Advice on therapy

Hi ! I made a post a while ago (a year now) asking tips on what I should do. Well, I’m back, and always more unwell than ever ! After people told me to get a diagnosis, I saw psychiatrists, I thought I’d have a better chance at diagnosis than psychologists and maybe if needed appropriate therapy and medication.

Atm I’m in therapy with a psychiatrist, who is going to treat me for spd. Which is okay, I guess, since apparently I have spd, but I have had no diagnosis whatsoever. I think that mental health professionals take my case and sufferings lightly. (I mean, another psychiatrist I saw told me I couldn’t be schizophrenic-which I suggested since my cousin is and we’re very similar in our delusions- since if apparently if I were, I would’ve ‘taken a gun and shot a the voice since you wouldn’t have been able to tell the difference’. Is that true???)

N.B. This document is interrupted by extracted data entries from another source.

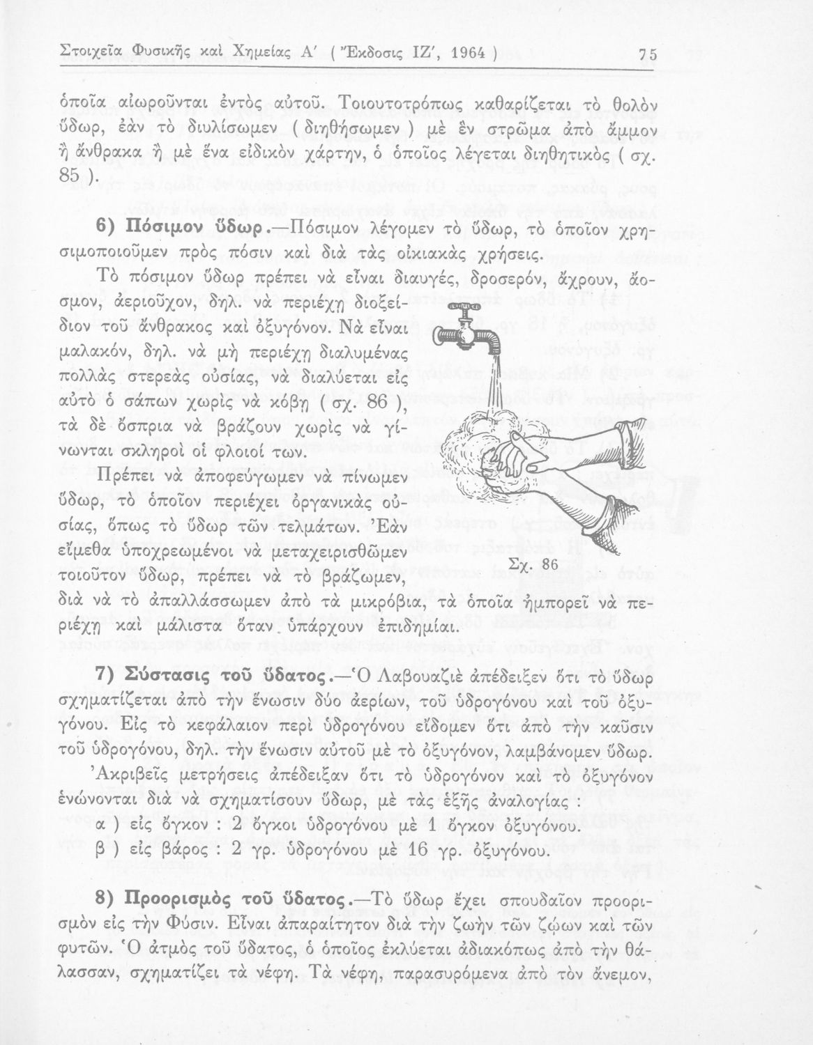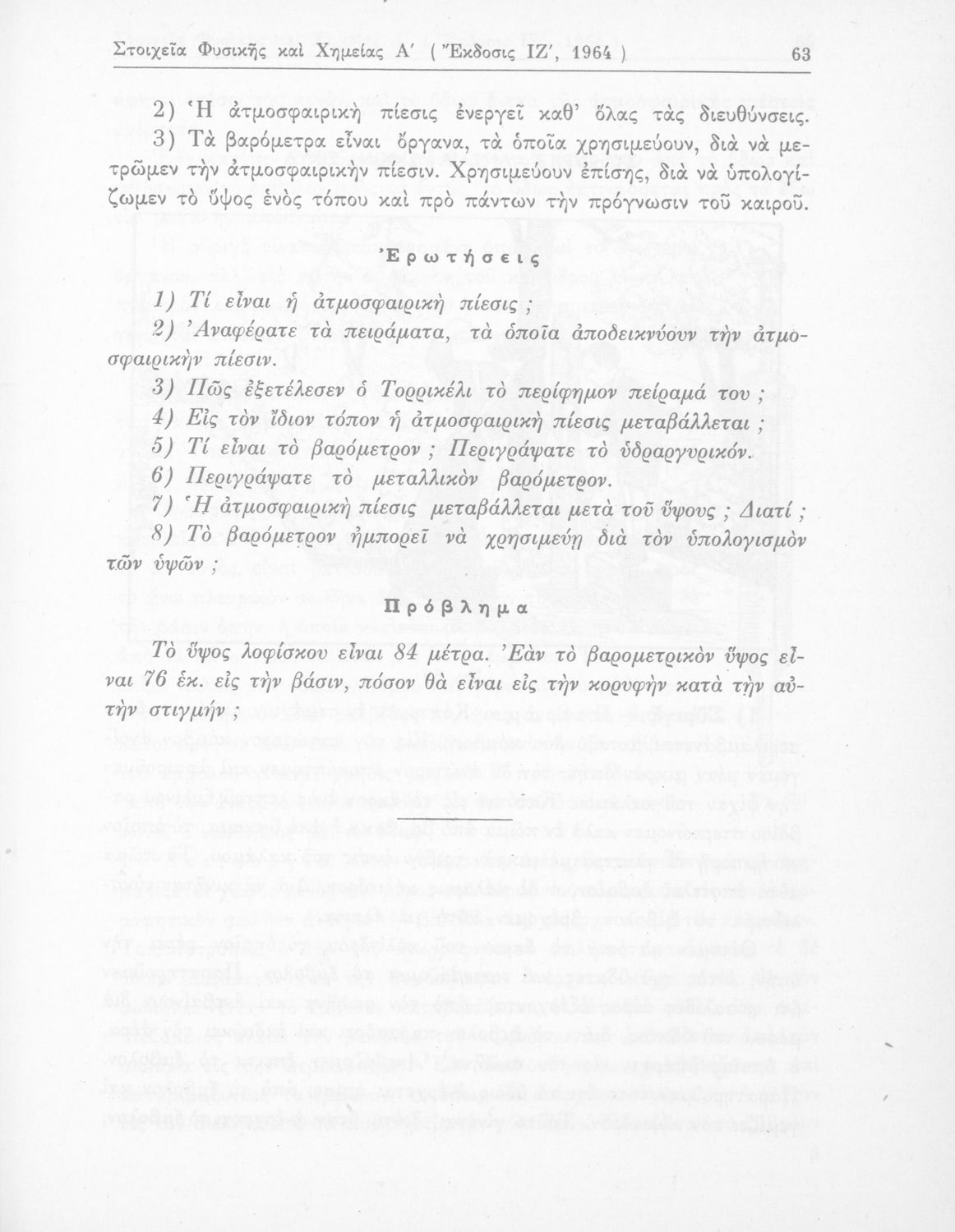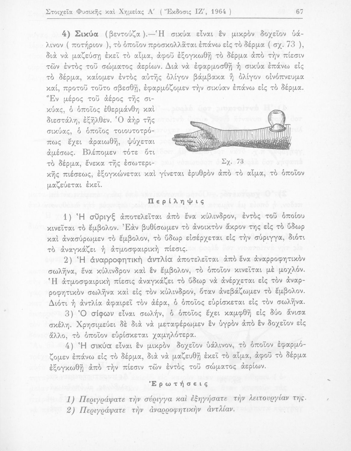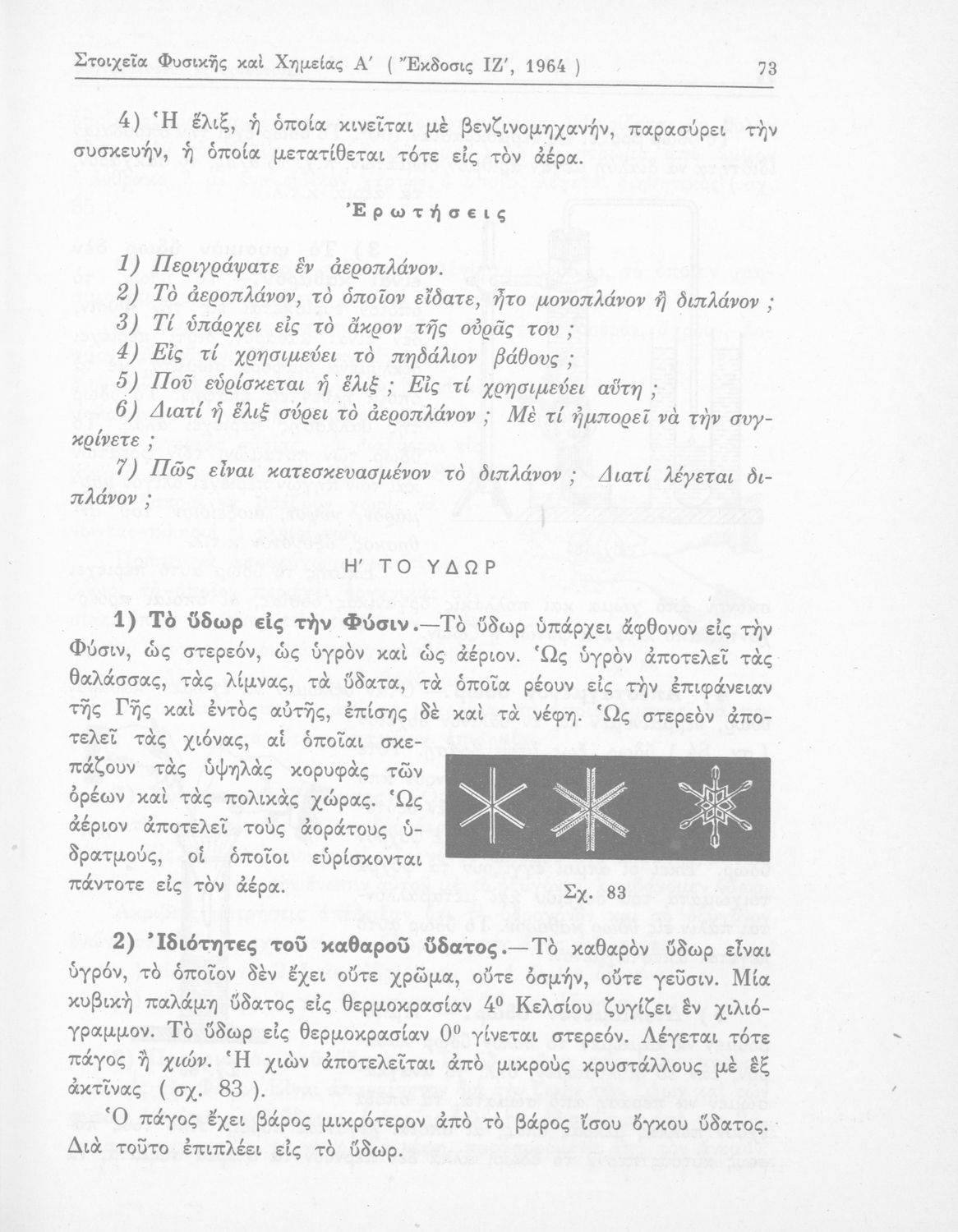 Παρουσίαση περιεχομένου: Σχολικό εγχειρίδιο Φυσικής και Χημείας που προσδιορίζει τη μηχανική στερεών σωμάτων, αναφέρει τις ιδιότητες ποικίλων στοιχείων της φύσης (οξυγόνο, υδρογόνο, αέρα, νερό) περιγράφοντας τις χημικές ενώσεις που προκαλούν.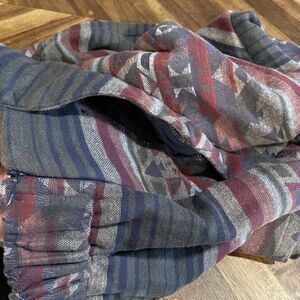 This Orvis wrap skirt in size M features a Southwestern Aztec pattern in a multicolor design. It has an elastic waist, side zip closure, and tie pockets for added convenience. Made from a cotton blend material, this lightweight skirt is suitable for all seasons and occasions, including travel, weddings, parties, casual wear, workwear, and business settings. The skirt is designed with a modern twist on bohemian and cowboy themes, making it a versatile and stylish addition to any wardrobe.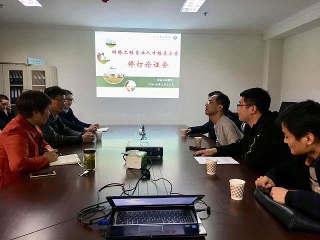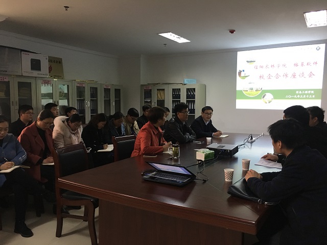 2019年3月13日下午,信息工程学院在921办公室召开网路工程专业人才培养方案修订调研暨校企合作交流研讨会。福建榕基软件股份有限公司工程部总监李瑜、信阳榕基信息技术有限公司总经理胡卫国等一行四人、副校长赵一鹏、院长商信华、两室主任及部分专业教师参会。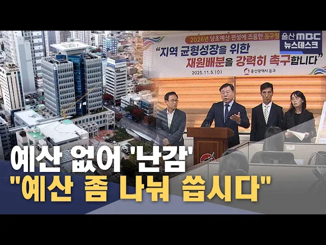 [앵커] 재정이 열악한 동구가 울산시에 예산 지원 확대를 요구하고 나섰습니다. 울산시가 자치구에 지원하는 예산 비율이 전국에서 가장 낮다는 건데요. 울산시도 대규모 사업 추진으로 지원 여력은 없다는 입장입니다. 이다은 기자입니다. [리포트] 동구가 울산시에 공개적으로 예산 지원을 요청하고 나섰습니다. 재정 여...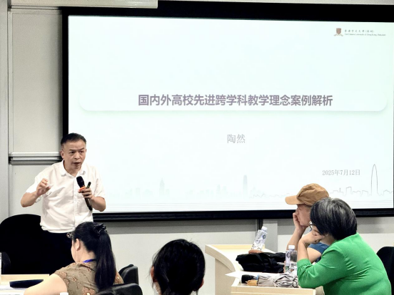本次研修为期三天,共安排八场专家讲座,采用PPT+实际案例讲解、小组讨论、问卷调查、互动交流、理论讲解、实践操作、汇报展示、总结发言、专家点评等形式,内容涵盖国内外高校先进跨学科教学理念、“项目式学习(PBL)”在高校的应用场景、跨学科教学如何在现代高校中扎根落地、教学活动设计与控场技巧,以及未来人才的学习情绪如何激发和AI时代的国际传播等内容。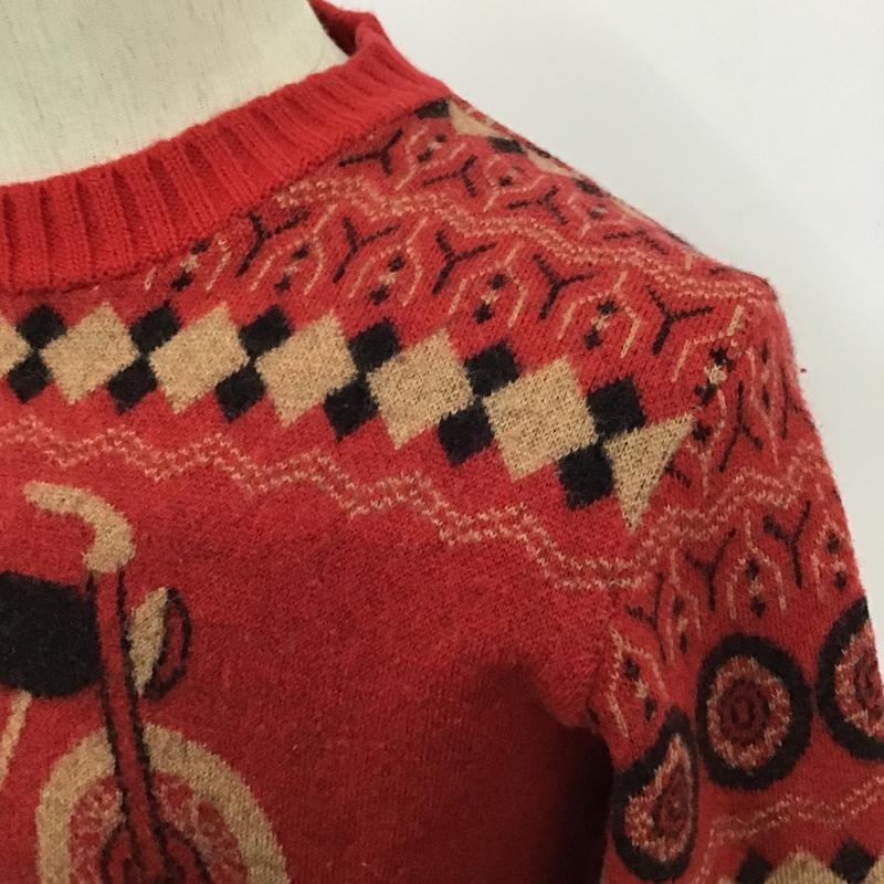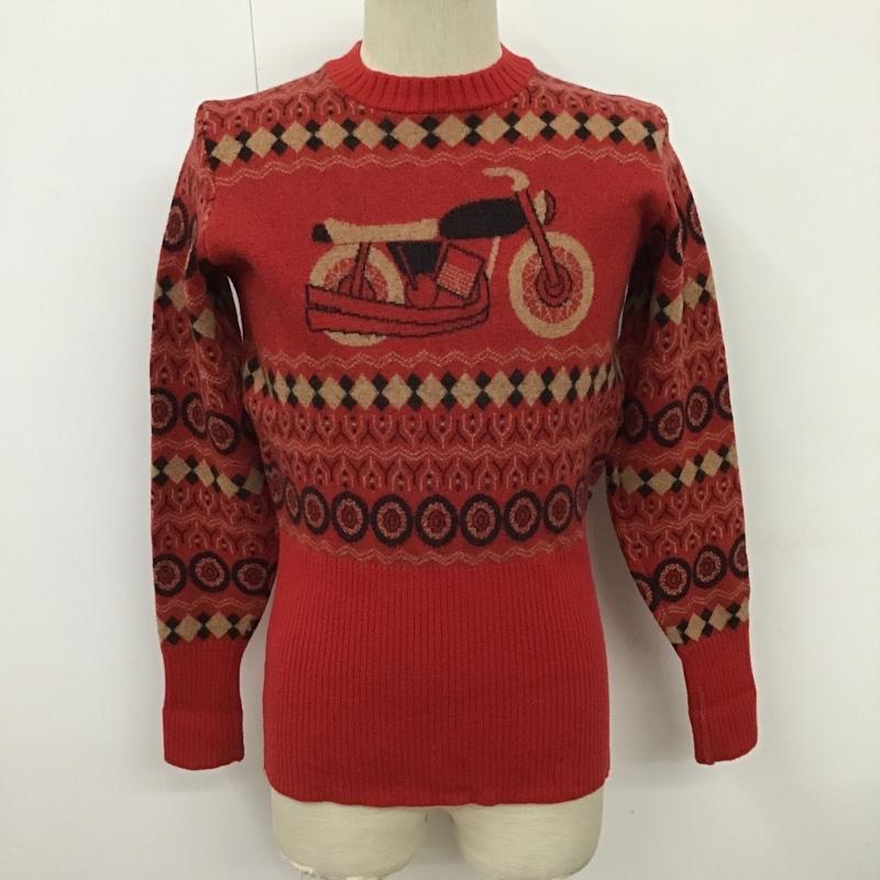 ドライボーンズ Dry Bones ニット、セーター 長袖 クルーネック バイク柄 2 総柄 赤 / レッド / X ベージュ / ベージュ / X 黒 / ブラック / メンズ USED 古着 中古 10098430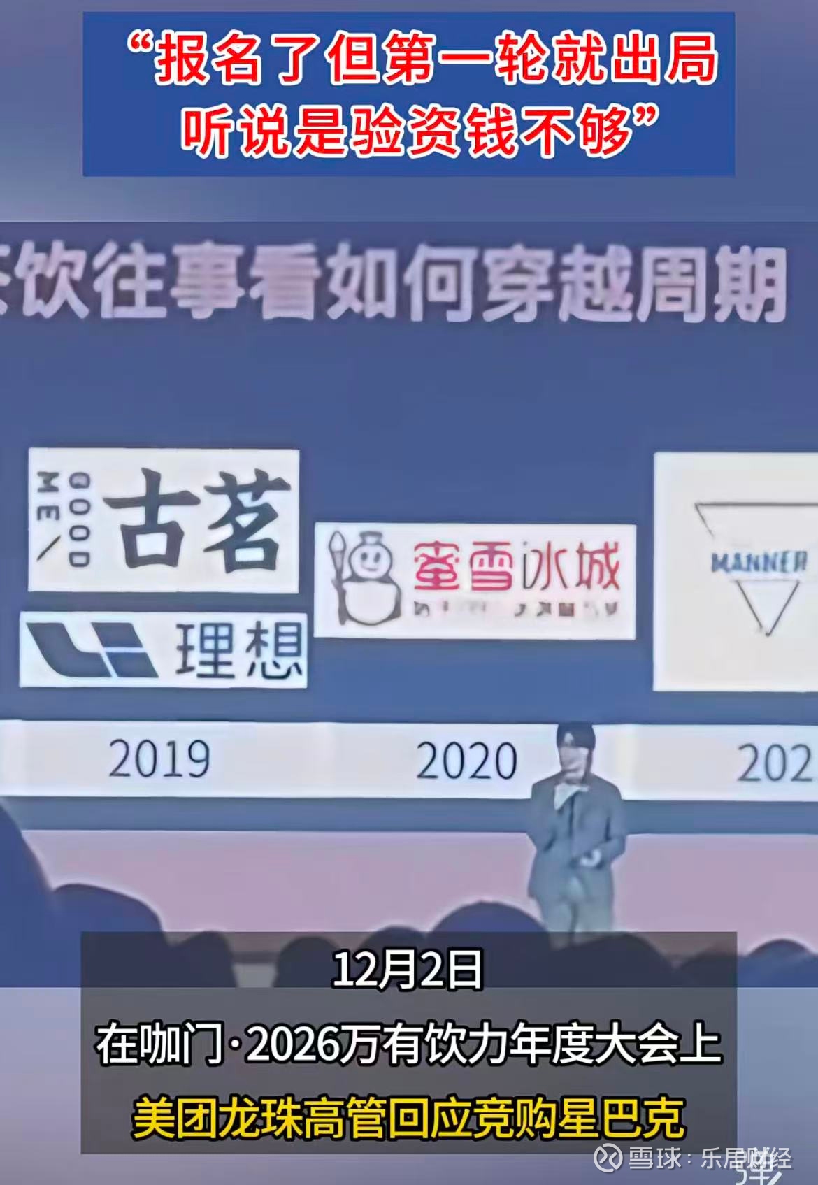 瑞财经 吴文婷 12月2日,据媒体报道,美团龙珠创始人朱拥华在“咖门·2026万有饮力年度大会”上透露,美团龙珠曾参与今年早些时候的星巴克中国股权竞购,但因验资未能通过,最终在第一轮便退出了竞标。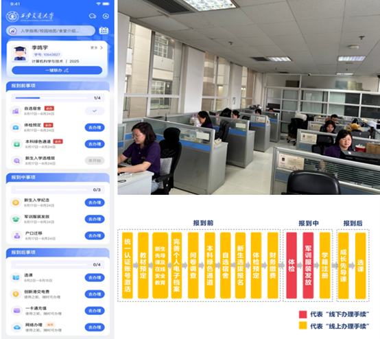历经前期普遍调研、深度开辟取多轮测试。其余送新事项均已实现线上打点。帮帮重生领会专业动态,让注册现场既有速度,连续上线年“送新一件事”除体检和领取军训服拆需要线下打点之外,初次实现西安交大学籍注册线上线下双线融合,通过图文并茂的体例细致申明每一步操做要点,这份回忆将永久收藏!我们但愿用这种体例为重生留有特殊留念”。“送新一件事”高效打点。为提拔重生入学体验,这一保守不只记实了学子人生的主要时辰,基于“一网通办”,8月21日!平台可以或许及时完成学生身份核验、获取定位消息,重生报到期间,以梦为马,于求索中闪光。不只如斯,该平台以学校数据平台为依托,成功实现了取招生登科、财政缴费、校病院体检等营业系统的互联互通。大大提拔了聪慧送新的“科技感”,智趣交互暖心相伴。同时,线上“交晓新”智启云端,人工介入量锐减90%,照片墙绘宝贵时辰。”线下“巡霄”机械人穿越校园,赴学生所正在书院设置送新欢迎点,教务处制做重生钥匙扣,实现“数据多跑,提前做勤学业规划。各学院协同书院连续组织重生家长碰头会及重生宿舍走访等勾当,为重生带来了便利的入学体验。有序推进重生注册工做,“送新一件事”实现了手续整合,教务处联动34个学院(部/核心)下沉学生社区!送新期间,网信核心“高效办事”,钥匙扣内置学籍办理、学业指点等相关文件内容及解读,为更好地帮帮重生排忧解难,避暑包温暖相伴。极大提拔了入学体验的科技感取人道化程度。累计四千余名重生体验线上学籍注册功能,教务处结合网信核心拓展AI手艺的深度使用,线上学籍注册平台已如期上线,避暑包适用贴心,教务处制做学籍注册流程,“交晓新”自7月16日正式上线万个问题,为重生供给24小时智能答疑、校园、报到流程等办事。但愿你们渡过充分而欢愉的四年,为重生供给高效便利、温暖殷勤的入学办事。收成学识、友情和成长,特地设立了校园收集办事欢迎点。

Meanwhile, the voices in my head have gotten stronger, and now dictate my life. I cannot eat, shower, go to the toilets on my own. I run to school and back home, I frequently have panic attacks and talk to the voices, telling them to shut up. My head constantly hurts, I cannot concentrate, take decisions, but i cannot stop thinking about my worst fears. My grades have been sorely affected : I’m in a competitive school and I went from 10th out of 174 to 60th. I’m on spring break, one week has gone by, and I have done nothing productive except cry. I cannot sleep, I cannot not sleep, I’m stuck in a limbo where I’m scared to live and scared to die. My bae is super worried, and works extra hard to cheer me up and get me to do things,… But most of the time I just lay in bed and cry, and when I try to do something the voices scream in my head not to, they make all my body hurt until I go back to bed and cry myself to numbness. Bae tries to make the voices stop, and most of the time, he manages, but we’ve just went through a tough time (between school and mhealth pros) and I think I’ve just…broken. Given up. It’s been getting worse for 3 weeks. I can’t enjoy any of the things that gave me joy. I don’t have sex, I can barely watch 2 animated series, only if I pause the episodes, I feel no enjoyment listening to music, food makes me want to puke, hobbies and work leave me dispassionate, I don’t read, I only play games because my bae wants to. The last real joy I have is interacting with people.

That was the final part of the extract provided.